Bogor Makin Kondusif, Royal Tajur Optimistis Raup Target Penjualan

Kompas.com - 06/02/2018, 16:55 WIB
IPEX 2018 inilah pengembang properti memainkan banyak tawaran untuk mendongkrak keinginan konsumen, mulai subdisi uang muka sampai Rp200 juta sampai biaya PBB. Dok Royal Tajur IPEX 2018 inilah pengembang properti memainkan banyak tawaran untuk mendongkrak keinginan konsumen, mulai subdisi uang muka sampai Rp200 juta sampai biaya PBB.

JAKARTA, KOMPAS.com - Kawasan Bogor dan sekitarnya masih termasuk pilihan kawasan hunian. Aksesibilitasnya ke seluruh wilayah lain, khususnya Jakarta, dianggap lebih terjangkau dengan mudah baik oleh kendaraan maupun transportasi kereta atau commuter line.

Project Manager Royal Tajur, Ardian Hendra, mengatakan hal tersebut di sela pameran Indonesia Properti Expo (IPEX) 2018 di Hall A & B Jakarta Convention Center (JCC), Senayan, Jakarta, Senin (5/2/2018). Permintaan rumah tinggal di Bogor tahun ini, lanjut Ardian, diprediksi akan meningkat dalam kisaran 5 - 10 persen.

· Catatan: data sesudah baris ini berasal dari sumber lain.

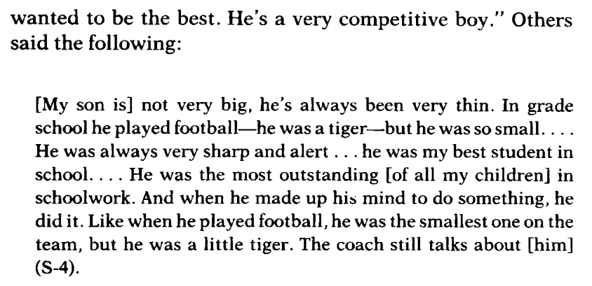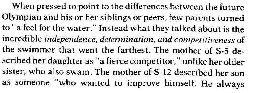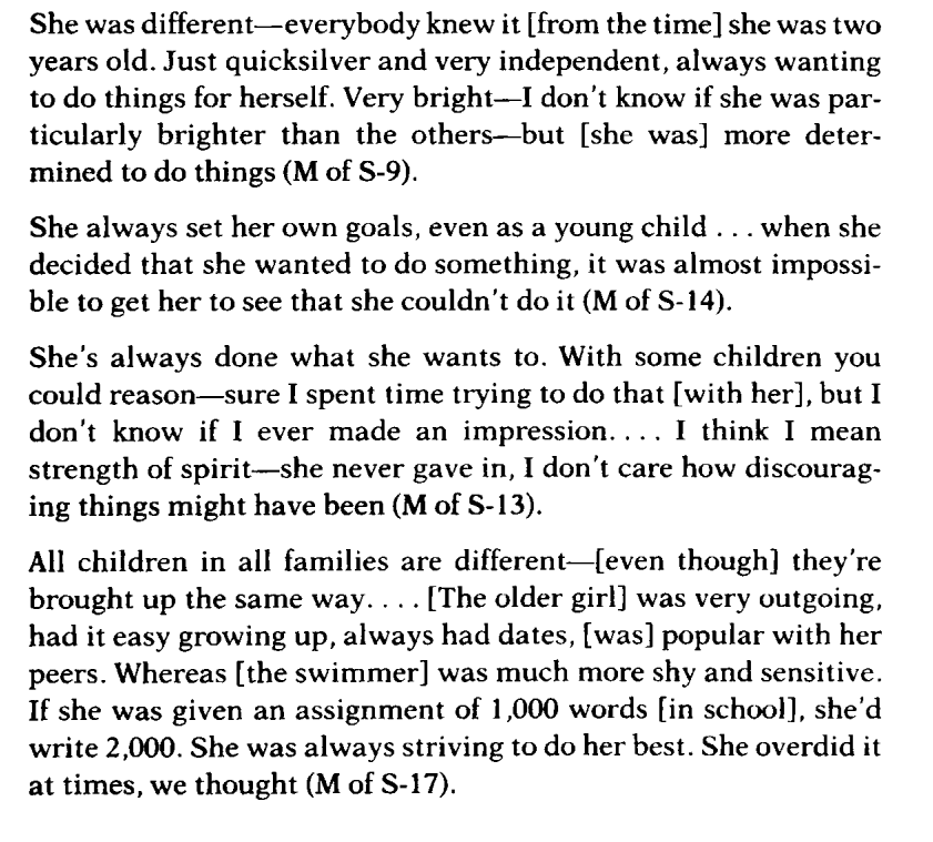 The parents remembered the child swimmer’s mental characteristics and attitudes more than their affinity for water:
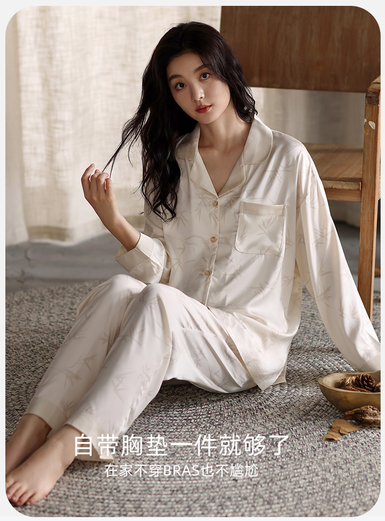 【大牌品质】【带胸垫冰丝睡衣】春夏高级轻奢丝滑凉爽女士家居服套装
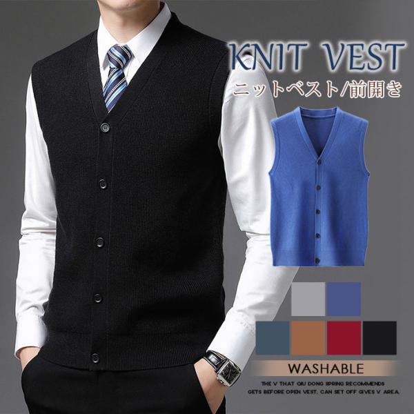 ■ニットベスト チョッキ ウール カーディガン メンズ アウター トップス ベスト 前開き 秋冬 カジュアル Vネック 春物 30代 40代 送料無料
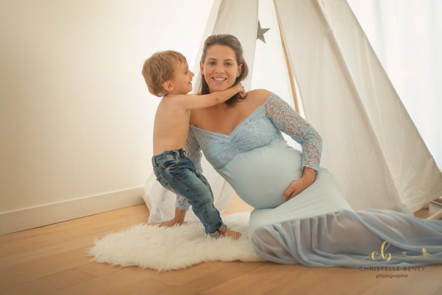 Elle dure environ 1h30 à 2h et peut être réalisée à mon studio photo , en extérieur ou chez vous. Je réalise plusieurs tableaux, maman seule, avec le futur papa et ensuite avec les autres membres de la famille. Je vous guiderai tout le long de la séance, je mettrai en valeur votre ventre en fonction de votre morphologie. En studio, je travaille souvent sur des fonds naturels : blancs, gris et noir afin de vous permettre d’avoir des photos intemporelles.
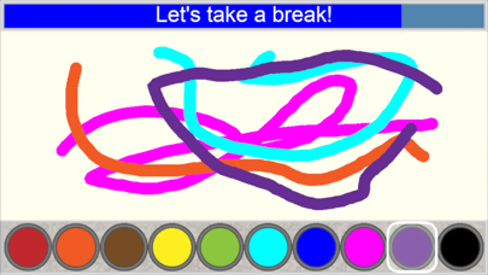 * Toy break - The child is given periodic breaks with fun on-screen fingerpainting that allows drawing on the screen. This feature can be turned off if the child does not need breaks or finds them distracting.
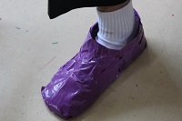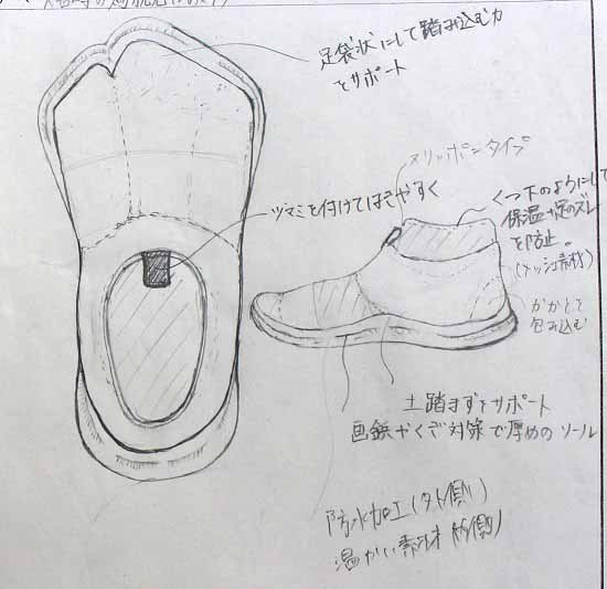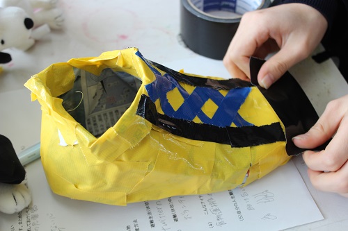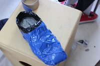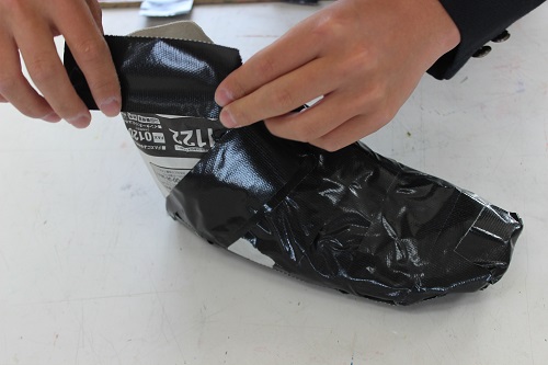 そこで、今回用意しました課題は新聞紙の靴です。「簡単、温かい、どこにでもある、退屈しのぎになる、なんとなく笑える」の手探りですが可能性を感じる課題です。
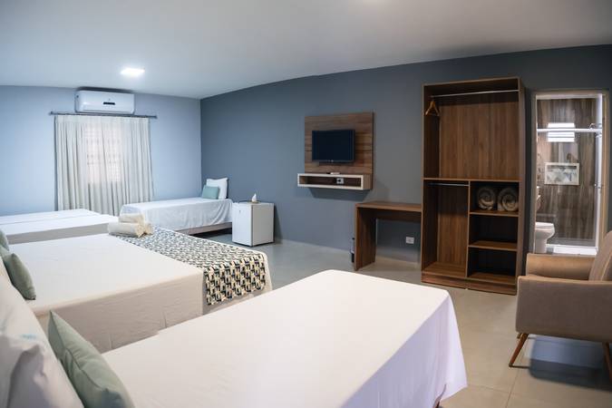 Os quartos em estilo rústico-chique são amplos, arejados e iluminados, e contam com todas as comodidades necessárias para uma estadia confortável e relaxante para toda família. O hotel ainda conta com piscina ao ar livre, jardins e café da manhã delicioso!
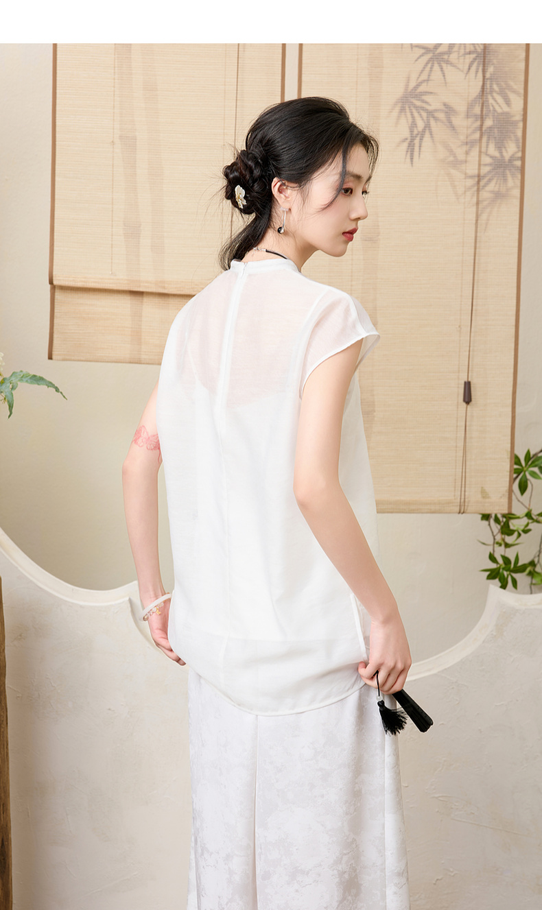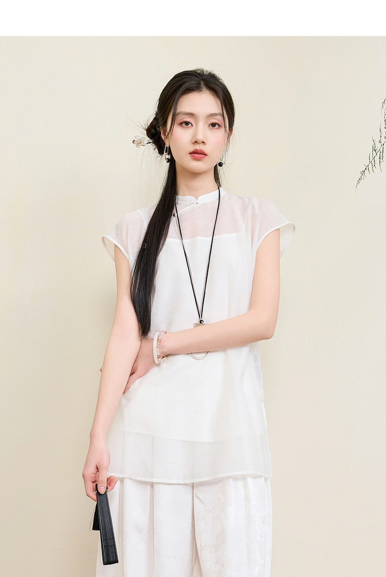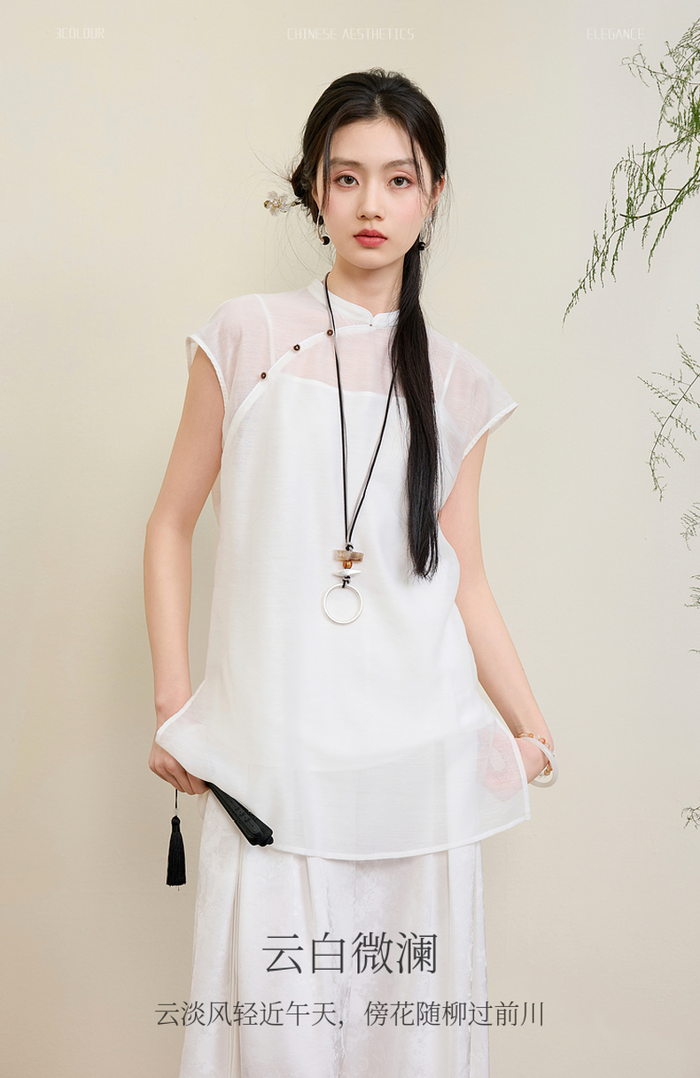 三彩【云白微澜】2025夏季新款新中式立领衬衫吊带两件套宽松C
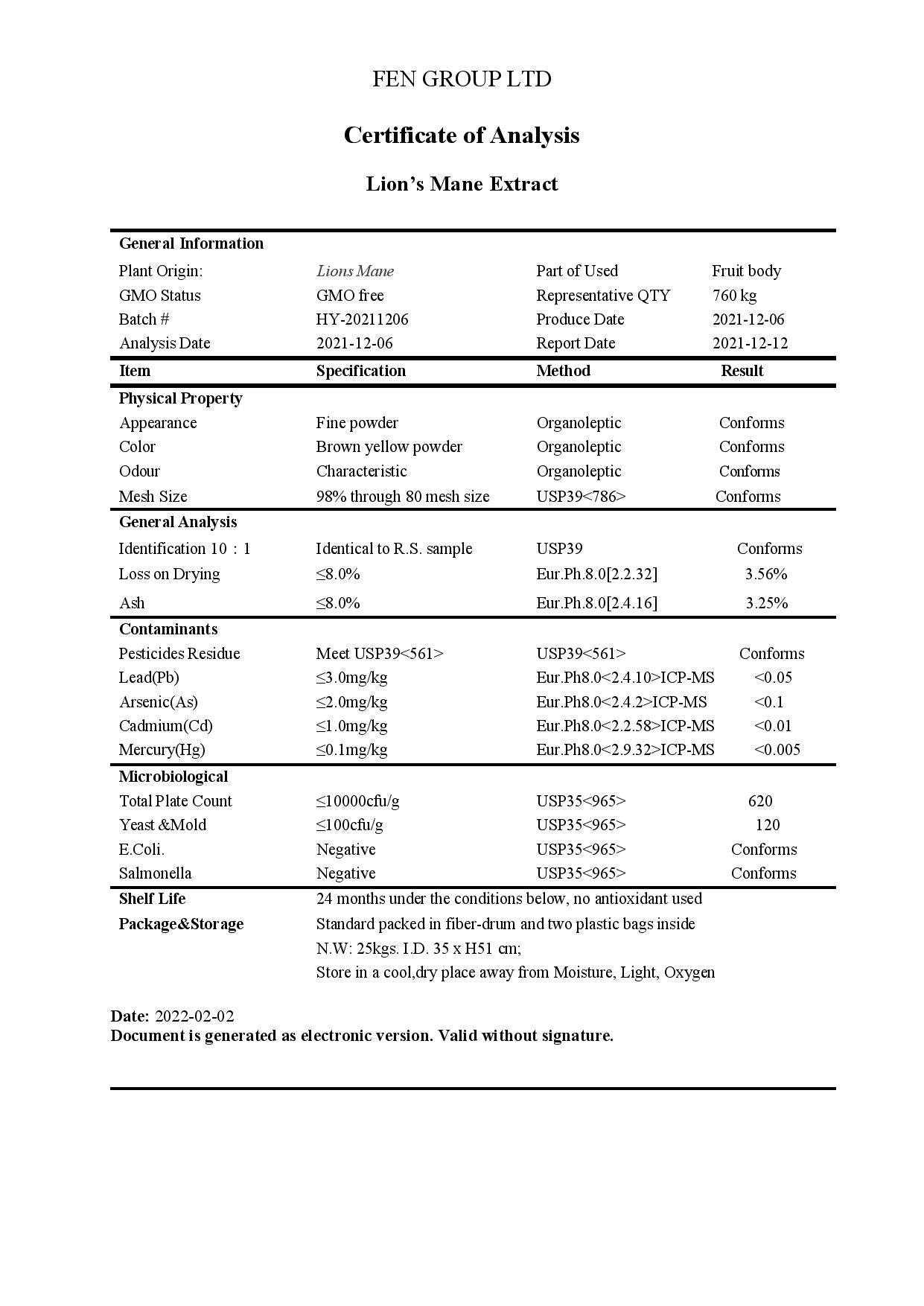 Ingredients: Lion's Mane Mushroom Extract, (30% Polysaccharides).
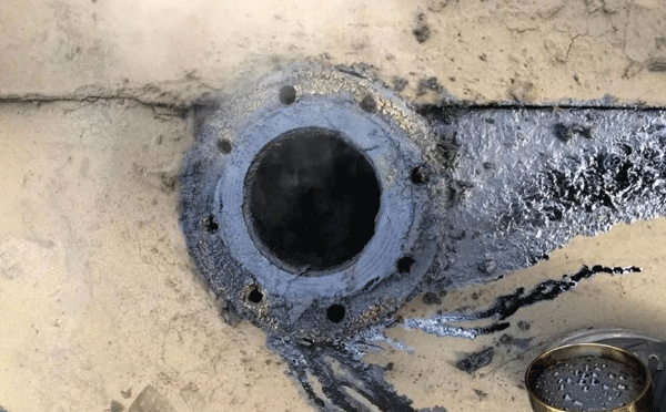 現場儲罐高度為7m,罐內瀝青溫度220℃,罐內有加熱盤盤管,且直徑較小;加熱盤管內有高溫蒸汽,使瀝青一直保持在液態;儀表安裝高度為7.5m,安裝法蘭為DN150。之前客戶選用的是26G喇叭口雷達物位計,由于瀝青的粘附性,即使喇叭口做了防塵罩保護, 喇叭口天線外部及底部天線罩有大量掛料,嚴重影響了雷達信號傳輸。
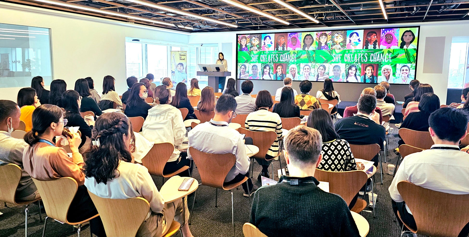 3月7日(木)12:00~13:00、ルーム・トゥ・リードは「国際女性デー」を記念し、ブルームバーグにて、ランチ&ラーン*の形で講演会および「She Creates Change(以下、少女達が未来を変えていく)」の上映会を開催しました。
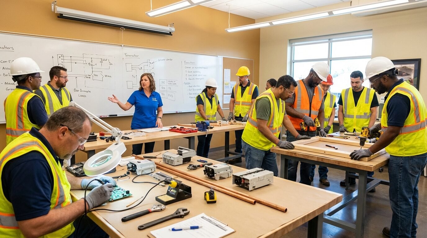 Sala de aula em Roca Sales com adultos em curso profissionalizante participando de atividade prática com instrutor
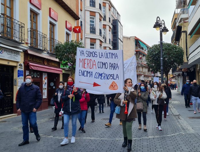 “¡Aguas fecales, fuera de Perales!” fue el grito que más se escuchó en la marcha, con una pancarta en la que se podía leer: «Ya somos la última mierda, como para encima comérnosla». Un rechazo mayoritario a estas obras, que los vecinos temen llenen de insectos olores y ruido su barrio.
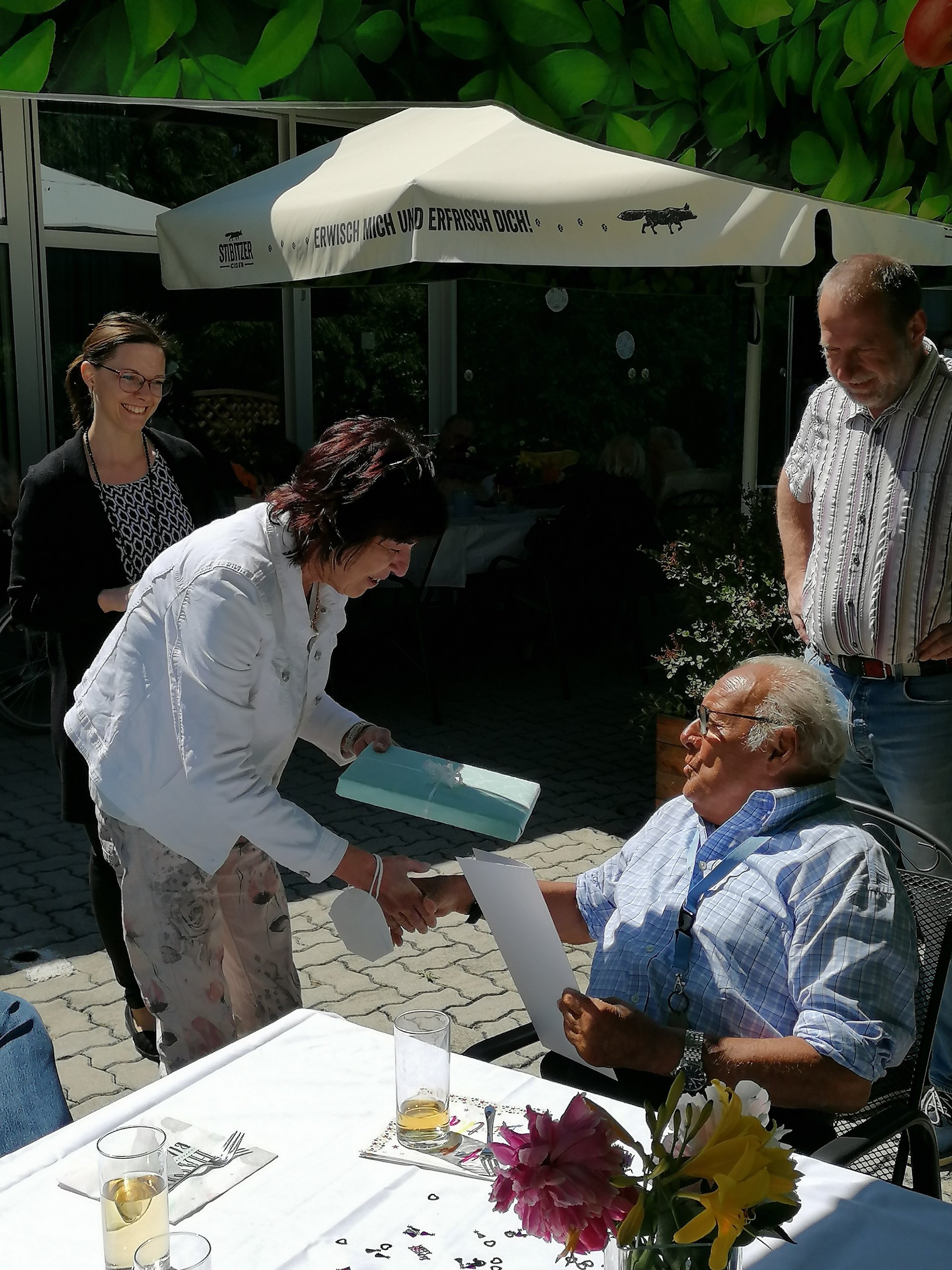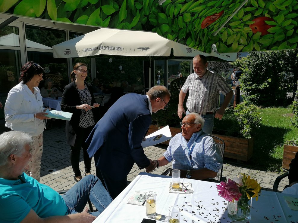 Am 31.5.22 fand auf der Terrasse, bei herrlichem Wetter, die Geburstagsehrung der Gemeinde statt.

"Keluarga muda (generasi milenial) yang fokus mencari rumah adalah potential market kami di Bogor. Tidak hanya rumah-rumah harga Rp300 jutaan. Sekarang ini makin banyak orang yang puluhan tahun tinggal di Bogor tapi kerjanya di Jakarta, apalagi nanti akses Bocimi (Bogor, Ciawi dan Sukabumi) dan BIRR (Bogor Inner Ring Road) dioperasikan," kata Ardian.

Di ajang pameran tersebut Ardian memperkenalkan Royal Tajur yang dikembangkan di lahan 88 hektar. Menurut dia, di ajang pameran seperti IPEX 2018 inilah saatnya memainkan banyak tawaran untuk mendongkrak keinginan konsumen, mulai subdisi uang muka sampai Rp200 juta sampai PBB untuk rumah hook (ready stock) dengan harga unit mulai Rp780 juta sampai Rp3 miliaran.

Dia mengatakan, tahun ini pihaknya optimis dapat mencapai target penjualan sebesar Rp112 miliar atau naik 25 persen dari pencapaian tahun sebelumnya.

"Masyarakat makin dewasa merespon isu-isu politik, ditambah regulasi perbankan makin membaik. Suku bunga saat ini cukup rendah, rata-rata 6 – 8 persen, ditambah lagi pengembang yang memberikan banyak promo mulai cicilan panjang, bunga nol persen sampai subsidi uang muka. Itu harus dimanfaatkan," katanya.